■ Task prompt:
The lines to extract run from the start of the records through the line with "TWO (2) Yoga, Running, Volleyball, Kickball, Gym, etc., these", both ends included; drop the pictures.

Input below:

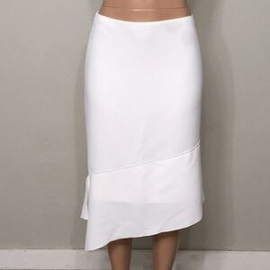 Beautiful ivory skirt from Anne Klein. I love the added fabric on the bottom. It gives it such a romantic sexy feel. This is very comfortable and sits a little bit lower on the waist. I love it so much I almost kept it! I just never dress up. Hidden zipper.
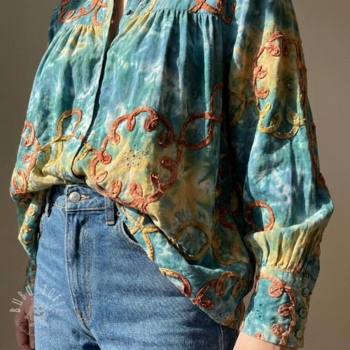 Baumwollstoff TIE DYE EMBROIDERY Elise tape design A
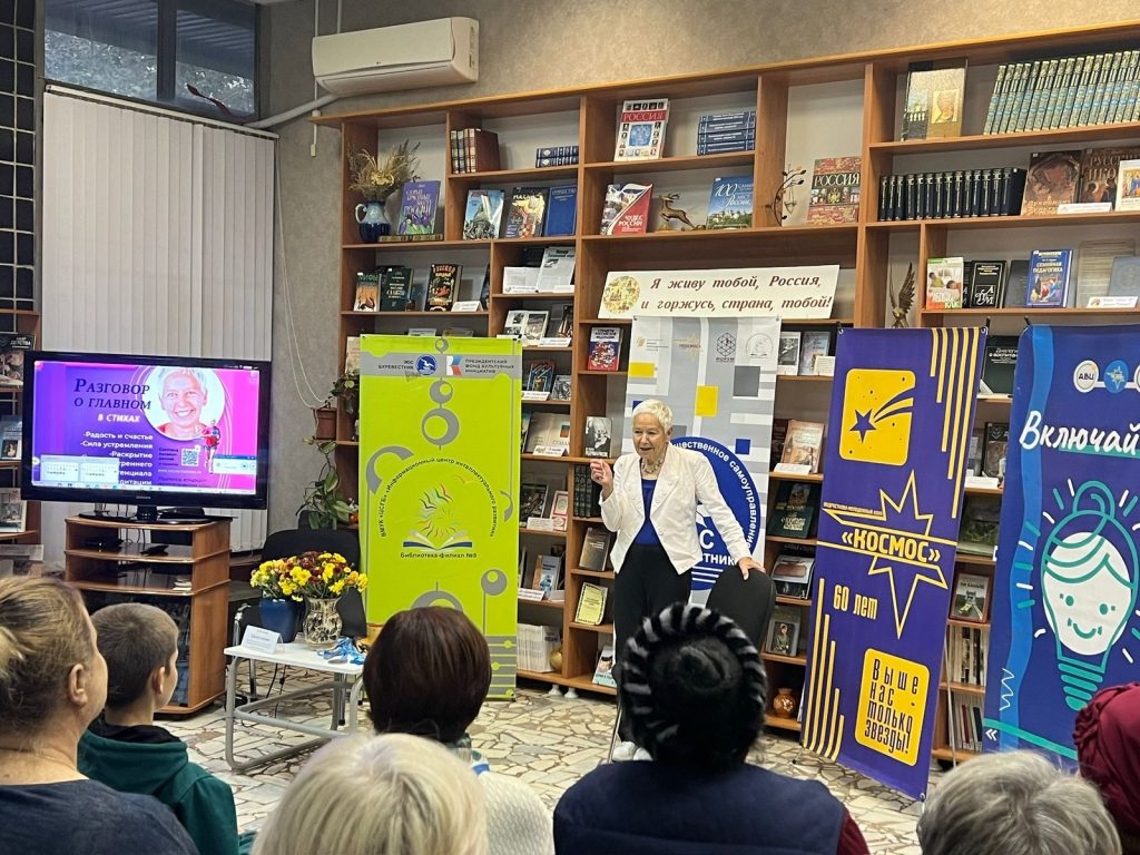 В небольшой уютной библиотеке №8 ребята пообщались с уникальной личностью, которая сочетает в себе страсть к спорту и любовь к поэзии. Эта женщина — не только чемпионка по легкой атлетике, но и талантливая поэтесса, чьи стихи находят отклик в сердцах многих.
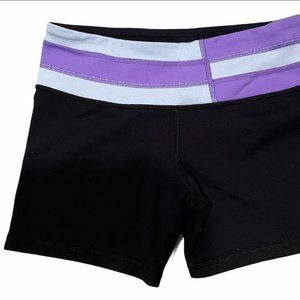 TWO (2) Yoga, Running, Volleyball, Kickball, Gym, etc., these shorts will be your go-2! The Fabric has enough stretch to feel like a second skin when in athletic mode. The band pattern contours the waistline ,or reverse for black only if you're the color matching type & your purple shoes aren't a close enough match ;)
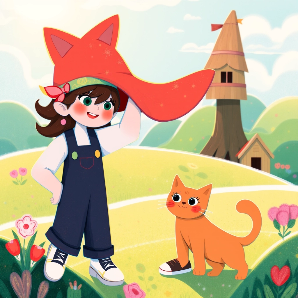 Once upon a giggle in a land not too far, lived a little girl named [Lulu](L3XV7F7Z) who loved her toy car. One sunny day, she found a big red hat. It looked very fancy and shaped like a cat!
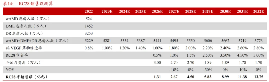 据浙商证券研报显示,2022年抗VEGF药物雷珠单抗、康柏西普、阿柏西普的样本医院销售额均达到3亿元以上,目前国内抗VEGF药物市场规模已超过40亿元,预计RC28三项适应症在2026-2028年获批上市,国内销售峰值将超过10亿元。
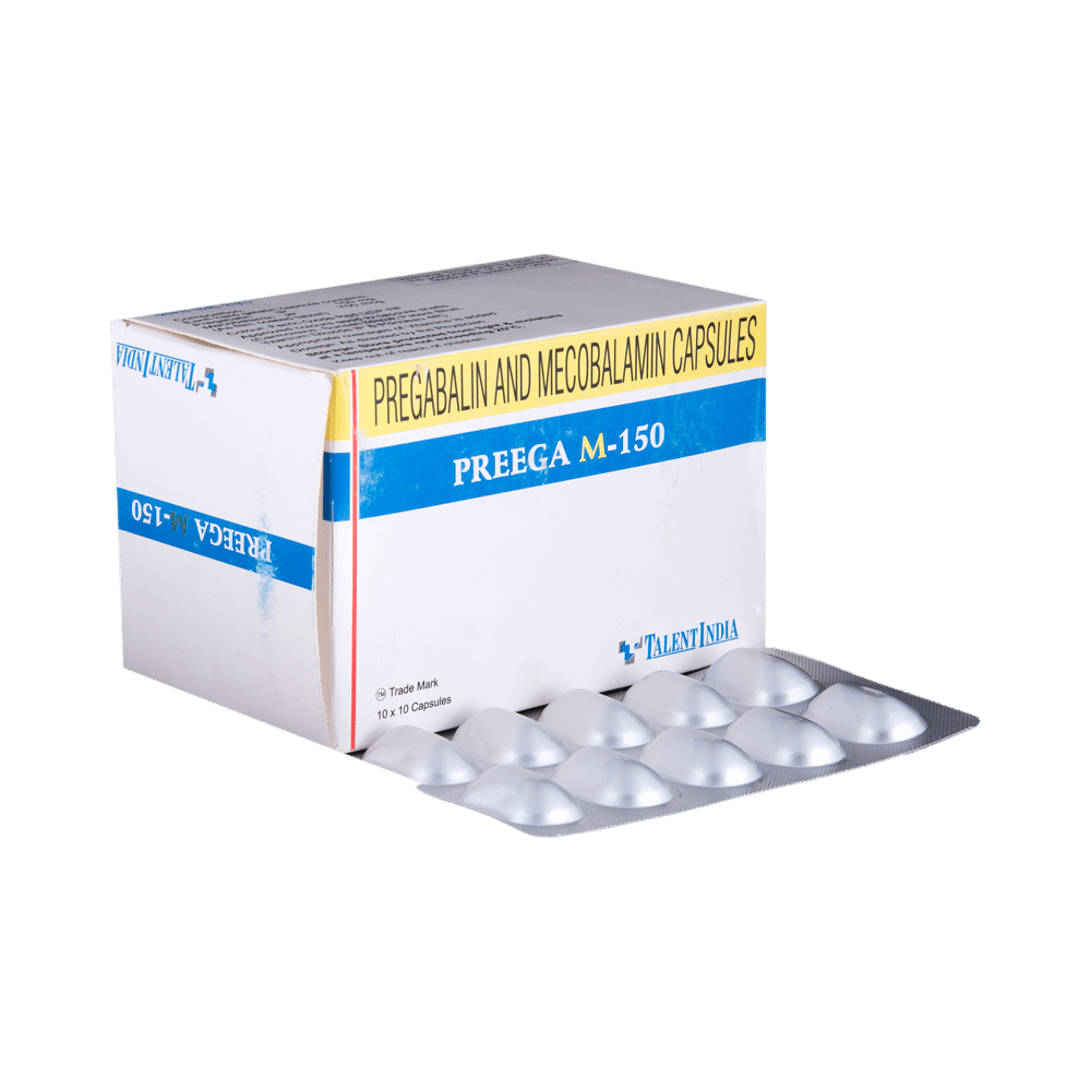 Preega M 150mg Cap (Methylcobalamin + Pregabalin) is a combination medication used to treat nerve pain, anxiety, and seizures. It works by repairing and maintaining nerve function and reducing pain signals in the brain. Potential side effects include dizziness, sleepiness, and weight gain. It is important to follow your doctor's instructions carefully and discuss any concerns you have about the medication.

End of Input.

■ Result of the exercise:
 Beautiful ivory skirt from Anne Klein. I love the added fabric on the bottom. It gives it such a romantic sexy feel. This is very comfortable and sits a little bit lower on the waist. I love it so much I almost kept it! I just never dress up. Hidden zipper.
 Baumwollstoff TIE DYE EMBROIDERY Elise tape design A
 В небольшой уютной библиотеке №8 ребята пообщались с уникальной личностью, которая сочетает в себе страсть к спорту и любовь к поэзии. Эта женщина — не только чемпионка по легкой атлетике, но и талантливая поэтесса, чьи стихи находят отклик в сердцах многих.
 TWO (2) Yoga, Running, Volleyball, Kickball, Gym, etc., these shorts will be your go-2! The Fabric has enough stretch to feel like a second skin when in athletic mode. The band pattern contours the waistline ,or reverse for black only if you're the color matching type & your purple shoes aren't a close enough match ;)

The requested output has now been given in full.